Going the other way, it opened the path for them to go on to do whatever the hell they wanted to moving forward – from the stylistic departures of Load and Reload, to working with a full symphony orchestra on S&M, to collaborating with Lou Reed and Lady Gaga. “That carried on all the way through the rest of the time that I was in the band, for sure,” Jason nods. “Whatever chances needed to be taken, that we felt like taking, that's what happened. There was not too much a conscious thing about, 'Oh no, what is the backlash going to be?' [It was] just: 'What can be accomplished now?’”
It also opened up the entire world to them, on a truly rarefied scale. The distance Metallica’s name had travelled can be summed up in a story Jason tells about spotting his band’s merch in the least likely of places.
“I remember looking through a National Geographic and there's a guy in the middle of a rice paddy in Vietnam with a Metallica shirt on,” recounts Jason. “How the hell am I supposed to predict that our music could get through to this guy just like our heroes of music got through to us? How could I, at eight years old, be so into Parliament and Funkadelic as a little white-as-snow kid in the middle of a farm in Michigan? How does that happen?”
In Metallica’s case it happened – as both Jason and Kirk insist – due to a lot of stars aligning just right accompanied by even more hard work. The result was an album that saw the band with metal built literally into their name and metaphorically into their DNA have an impact far wider than they could ever have imagined when they were thrashing out the No Life ’Til Leather demo almost a decade before.
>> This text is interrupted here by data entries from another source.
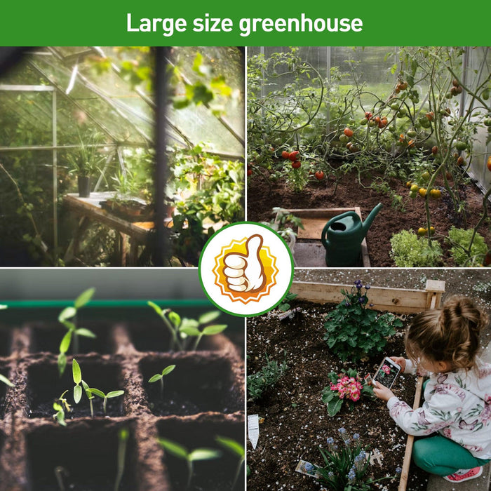 This large greenhouse walk is an efficient way to take care of your plants year-round! The outdoor garden greenhouse has a top vent and single hand push door, so getting good ventilation and access is a breeze. What's more, we include premium materials in the greenhouses for outdoor walking by an aluminum alloy frame and polycarbonate sheets, so it's durable and stable outside. This greenhouse is the perfect place to house your plant friends and grow them year-round!
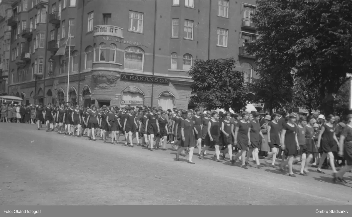 Damer i Första maj-tåg på Storgatan, 1940-tal
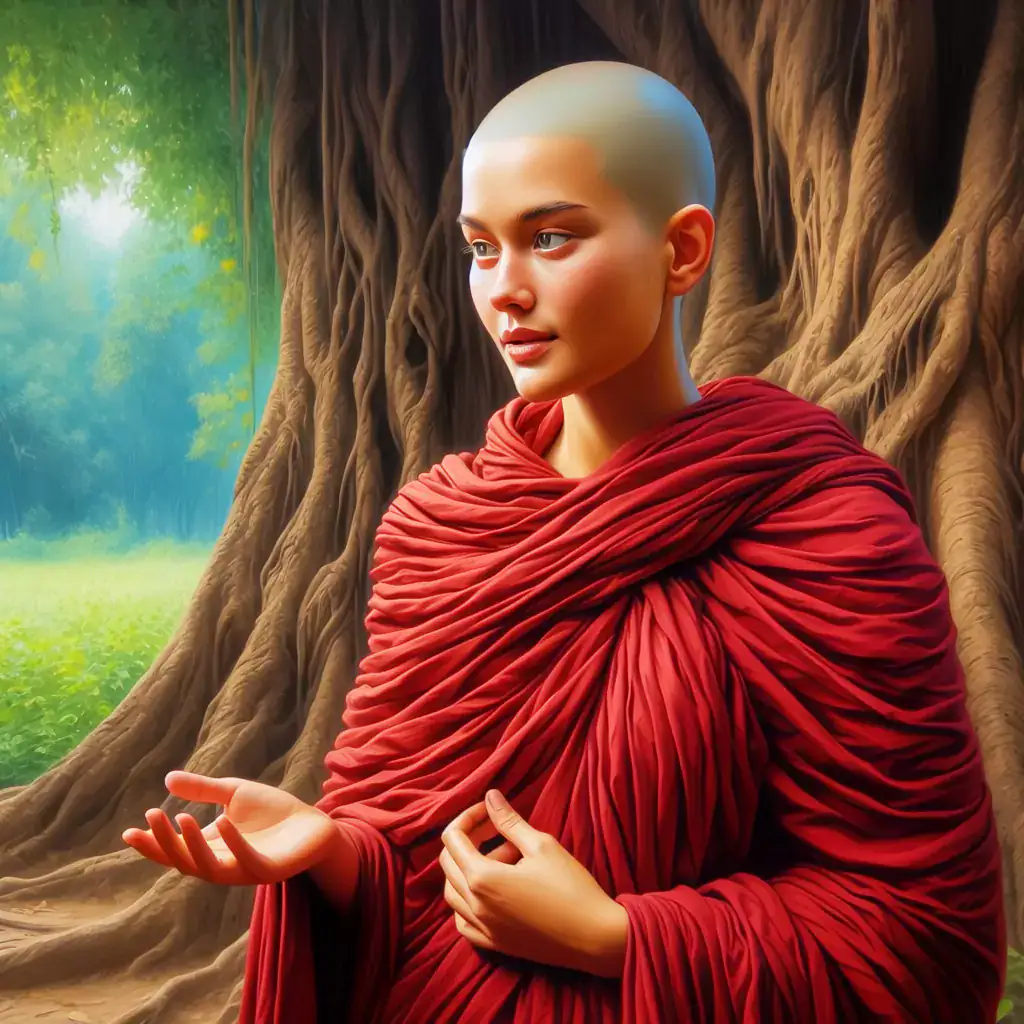 Instantly, she regained her mindfulness. A kindly man threw her his outer cloak. She put it on, and approaching the Enlightened One, she prostrated herself at his feet and told him her tragic story.
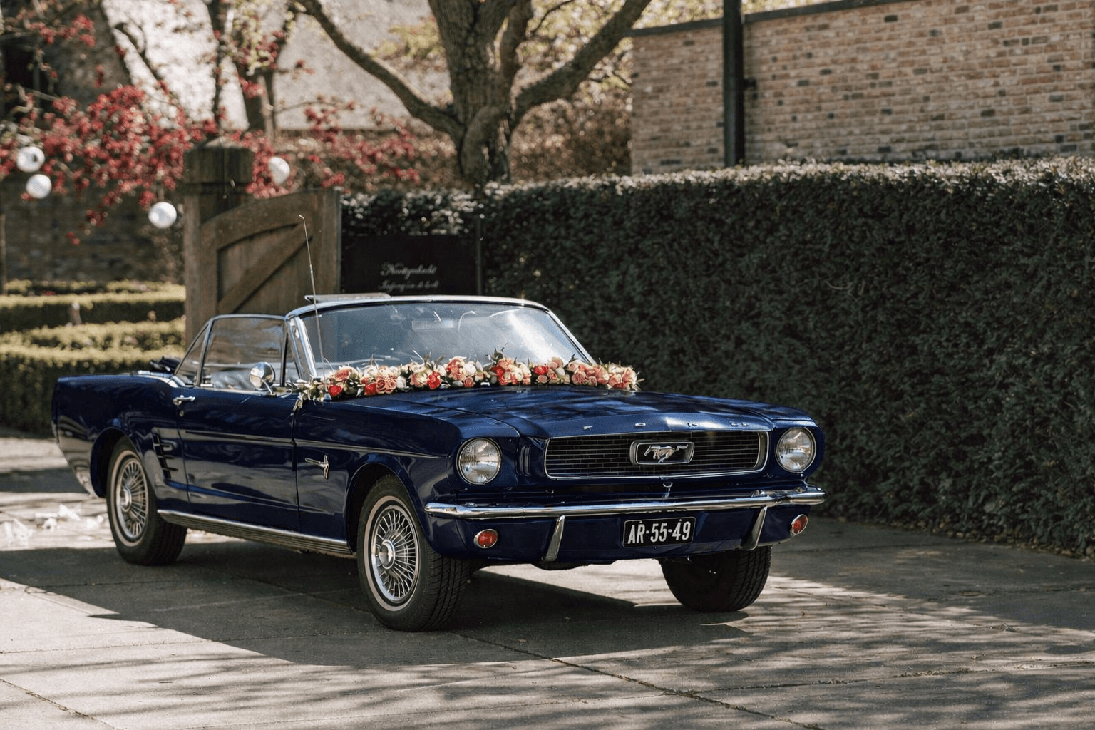 De Ford Mustang uit 1966 behoort tot de meest succesvolle modellen ooit geproduceerd in Amerika — en terecht, wat ons betreft! Deze blauwe cabriolet is ronduit adembenemend. Nieuwsgierig geworden? Met zijn stoere uitstraling, uitstekende rijeigenschappen en ruime interieur (geschikt voor vier personen) biedt deze Amerikaanse trouwauto alles wat je zoekt — en het mooiste van alles: jullie mogen zelf rijden!
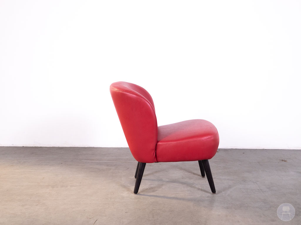 Horecafauteuil Ties skai rood is een comfortabele en opvallende horecafauteuil met een moderne uitstraling. Deze fauteuil is uitgevoerd in skai leer (kunstleer) in een krachtige rode kleur, wat zorgt voor een luxe en uitnodigende look. De ronde vormen van de zitting en rugleuning bieden extra zitcomfort, ideaal voor gebruik in restaurants, cafés of loungehoeken. Het stevige houten onderstel in donkere tint geeft de stoel een stabiele basis en een mooi contrast met de bekleding.

Thirty years on The Black Album’s sheer reach is perfectly demonstrated by the breadth of artists on The Metallica Blacklist: an incredible collection of 53 artists – from Ghost to Corey Taylor and Miley Cyrus – serving up their own takes on the 12 tracks that make up the LP.
“It’s amazing, because there's so many different genres on The Blacklist,” grins Kirk. “You have Kamasi Washington's hard-hitting jazz cover of My Friend Of Misery and Jason Isbell's country version of Sad But True. Some of these songs are so far away from the original, like Biffy Clyro's Holier Than Thou, which is friggin' mind-blowing. There's a whole vocal section that I didn't expect at all.
“There's nothing on there that I don't like, and that's part of the problem,” he continues. “The response when we put the word out there that we were looking for people's interpretations of our music was so overwhelming, and the stuff was so good, that it was hard to say no to anyone. So we just decided to say ‘yes’ to everyone – and that's why there's 50-plus artists on The Blacklist.”
Today, three decades on, The Black Album sounds as fresh as it ever did, and its influence and impact remain undiminished. From Biffy to Slipknot, Bring Me The Horizon to Nickelback, things just wouldn’t have turned out quite the same without it. Modern American metal would not have the sound or the success it enjoys without it. Nor would Metallica.
“Thirty years on, how many thousands of bands of all languages, shapes, colours, dialects have been influenced by what we did?” ponders Jason. “AC/DC and Iron Maiden took down the walls, taking this music to places it had never been. That gave us the chance and we fucking crushed it. We made a lot of people happy and we influenced a lot of people.”
And it’s difficult to disagree with that.
The Metallica Blacklist and The Black Album (Remastered) are released on September 10 via Blackened Recordings.